## Exercise aim
Output the data below only from the line containing "NASIONALXPOS.CO.ID, PALEMBANG. Danrem" up to and including the line containing "stacked laundry center", exact and with the pictures left out.

-- Data in this exercise follows --

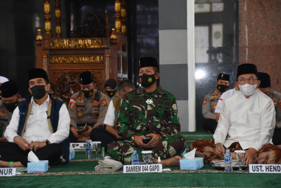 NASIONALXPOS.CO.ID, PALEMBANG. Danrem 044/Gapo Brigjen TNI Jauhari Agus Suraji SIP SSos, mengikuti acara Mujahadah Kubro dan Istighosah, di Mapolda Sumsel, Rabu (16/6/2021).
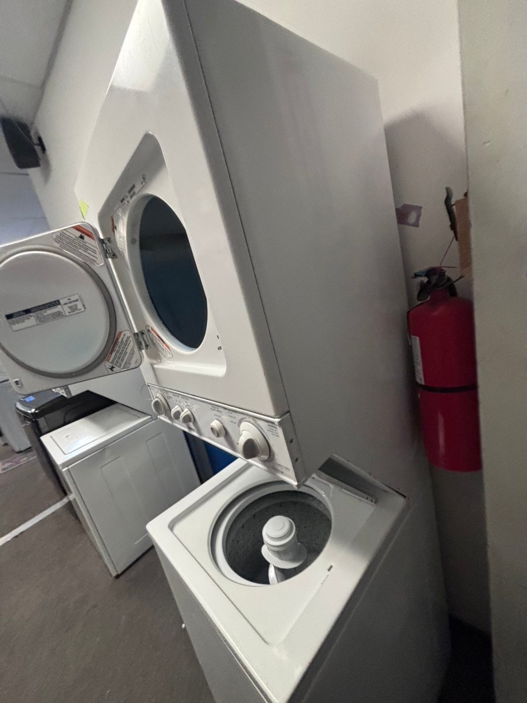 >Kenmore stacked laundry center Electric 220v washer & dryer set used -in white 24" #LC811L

-- Data in this exercise concluded --
-- Data in this exercise follows --

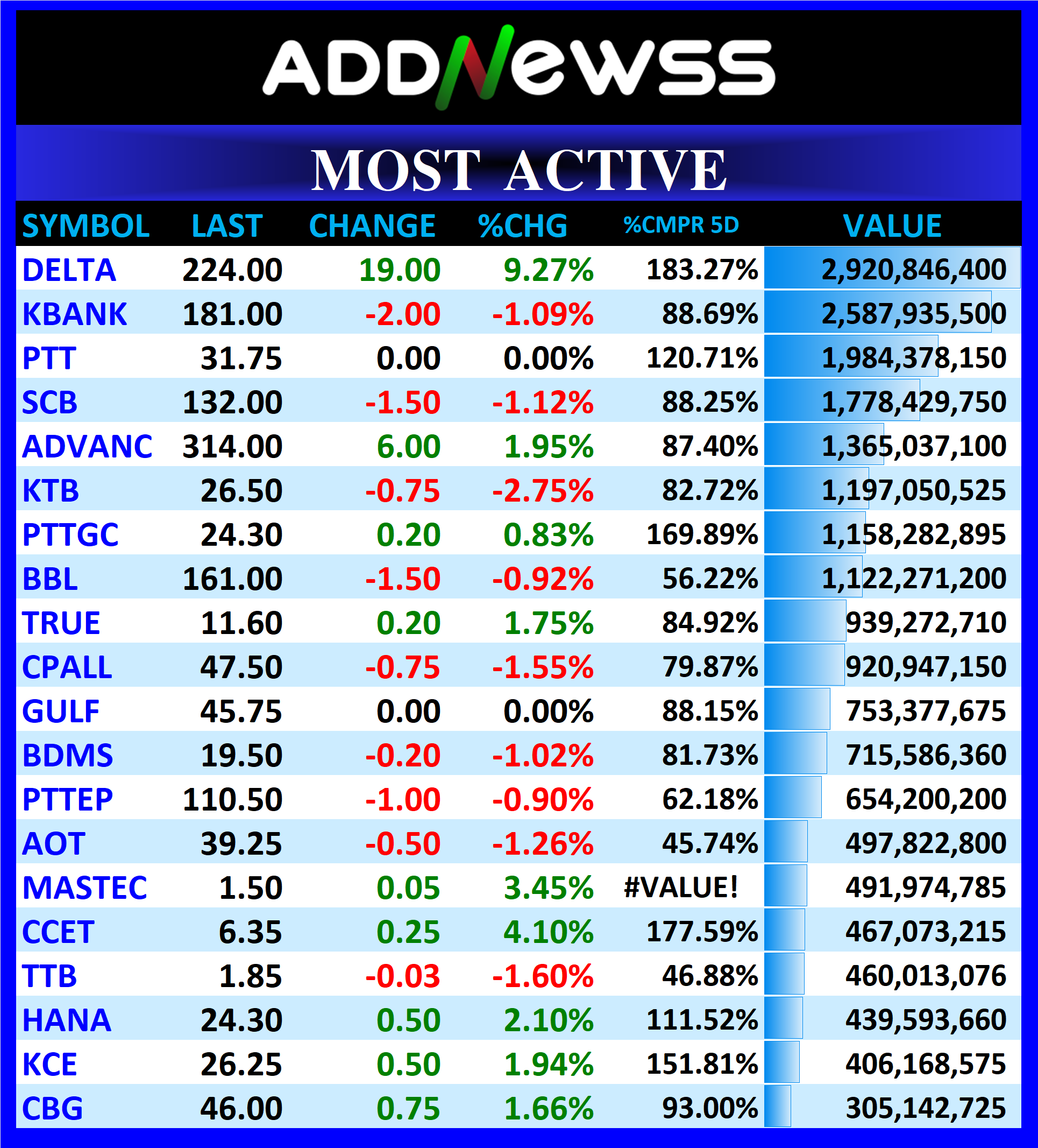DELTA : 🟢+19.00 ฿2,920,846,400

-- Data in this exercise concluded --

## Response below
 NASIONALXPOS.CO.ID, PALEMBANG. Danrem 044/Gapo Brigjen TNI Jauhari Agus Suraji SIP SSos, mengikuti acara Mujahadah Kubro dan Istighosah, di Mapolda Sumsel, Rabu (16/6/2021).
 >Kenmore stacked laundry center Electric 220v washer & dryer set used -in white 24" #LC811L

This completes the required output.